Whirlybird, Edinburgh

Whirlybird brings some great Scottish ingredients and a rustic cool to the very heart of tourist Edinburgh

Feature by Peter Simpson | 10 Jun 2026
  • Whirlybird

Famous cities have an interesting relationship with their residents. For one thing, those residents are constantly changing and rotating, forever getting into arguments with one another about who’s more ‘real’. But the iconic cities of the world also exist as entirely separate entities in the minds of visitors and admirers from afar; someone who's dreamed of visiting your town for decades is not fussed about the fact that they used to take the bins every Monday, or that the bus tracker app was better three or four versions ago. Instead, these are the semi-mythic places where towers from the movies poke out of the skyline, where history lives on in the present day, where certain people wrote certain books that we don’t like to talk about in these pages thank you very much.

All of which brings us to Victoria Street in the middle of a mini-heatwave, and to a seemingly endless dribble of visitors to Edinburgh getting their photos taken and exploring some of the buildings which may or may not have inspired locations in the aforementioned series of books. A brand new addition to Victoria Street’s run of multicoloured shopfronts is Whirlybird – billing itself as a ‘modern tavern’ and launched by a team with a pedigree that includes stints at Hawksmoor, Panda and Sons, The Kitchin and Herringbone, it’s an interesting take on the kind of all-day venue that almost needs to appeal to everyone at once. In our hour-and-a-bit inside, we overhear a group of Jordanian tourists having a coffee, two hospitality industry folk swapping war stories, some marathon runners, and a reasonable number of small children. Like we say, everyone at once.

Inside, Whirlybird is full of lovely little details, from a tile mosaic in the entranceway to draping plants hanging off the walls, and a slightly labyrinthine split level layout. There are tiles, there is exposed brickwork, and there’s a coolness and laidback air to the place that’s pretty refreshing.
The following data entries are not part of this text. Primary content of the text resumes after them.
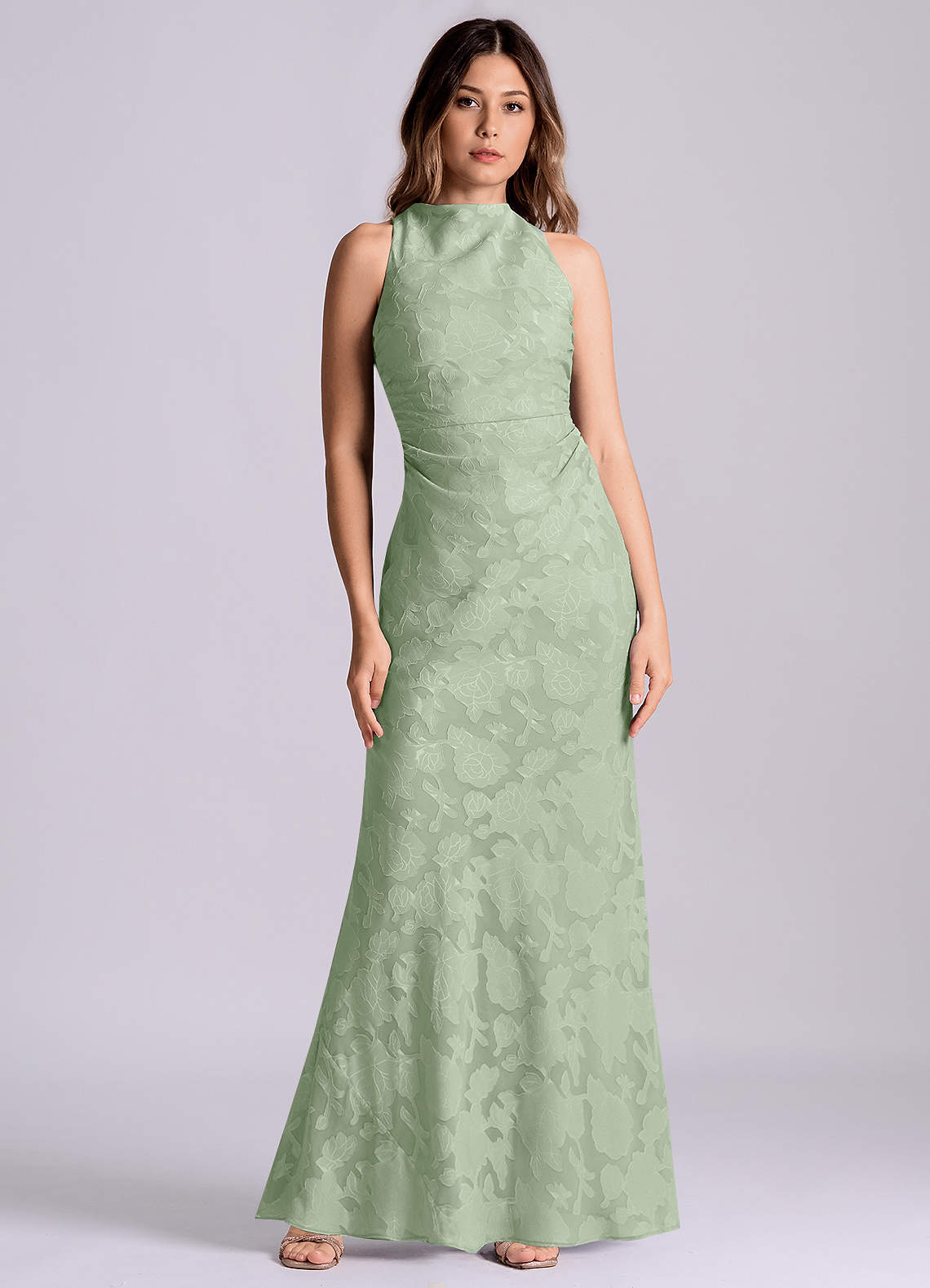 Dusty Sage Sheath Pleated Floral Burnout Dress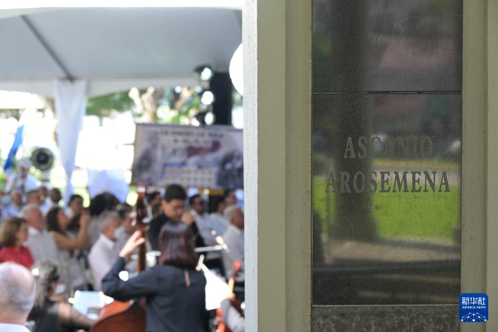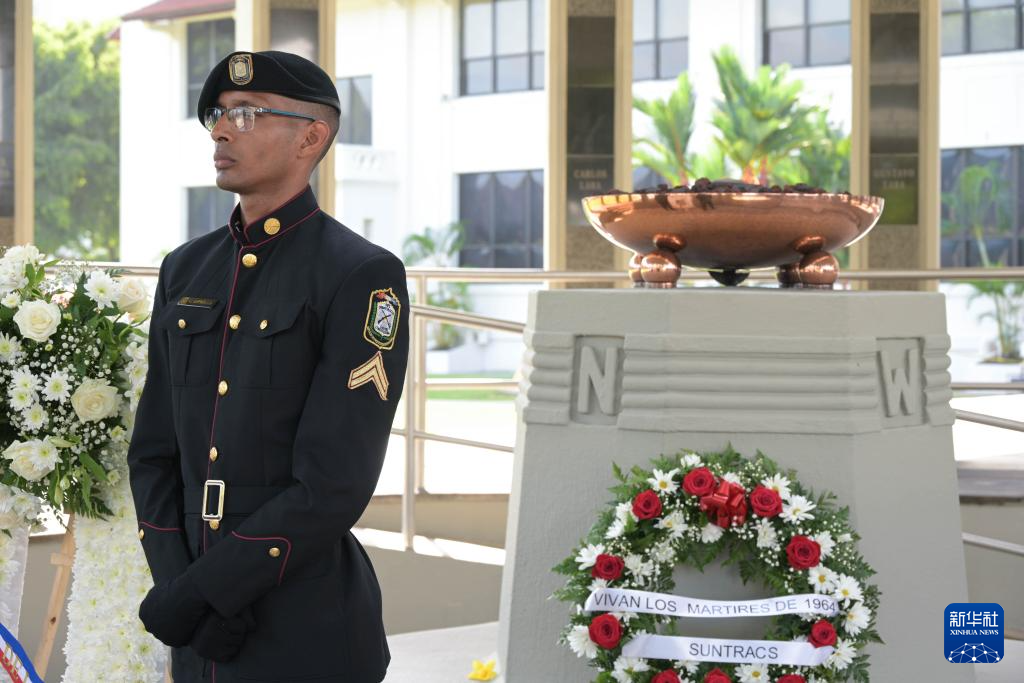 1月9日,在巴拿马首都巴拿马城,巴拿马政府在“永恒之火”纪念碑旁举办“护旗运动”60周年纪念仪式,照片中的石柱纪念的是在美国军警镇压中死亡的第一位学生阿罗塞梅纳。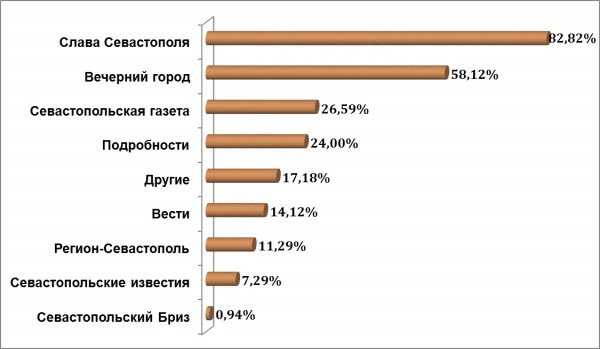 Среди печатных СМИ первое место по рейтингу прочтения занимает «Слава Севастополя». Оппозиционная газета «Подробности» занимает четвертое место с частотой прочтения 24%. Газета «Вести» (14%) недавно значительно увеличившая тираж на медиа-рынке Севастополя активно усиливает свои позиции.

Then there are the big windows which flood the place with light and offer observers a front row seat to the goings on of the most Instagrammable street in this particular bit of Edinburgh.


Image courtesy of Whirlybird.

As for the food, the menu pulls a lot of riffs on the classic ‘Scottish pub that does a nice lunch’ playbook. For one thing, there’s a lot of fish and seafood – given that it’s about 25 degrees outside, we forego the bowl of chowder we’d had our eye on and go instead for a very very nice smoked mackerel salad (£9). It’s delicious and surprisingly hefty, with each forkful revealing some new pocket of flavour or another big chunk of smoked fish. The smoked almonds scattered throughout give little pops of colour and punctuate the dish nicely, and there’s another wedge of mackerel, lovely stuff.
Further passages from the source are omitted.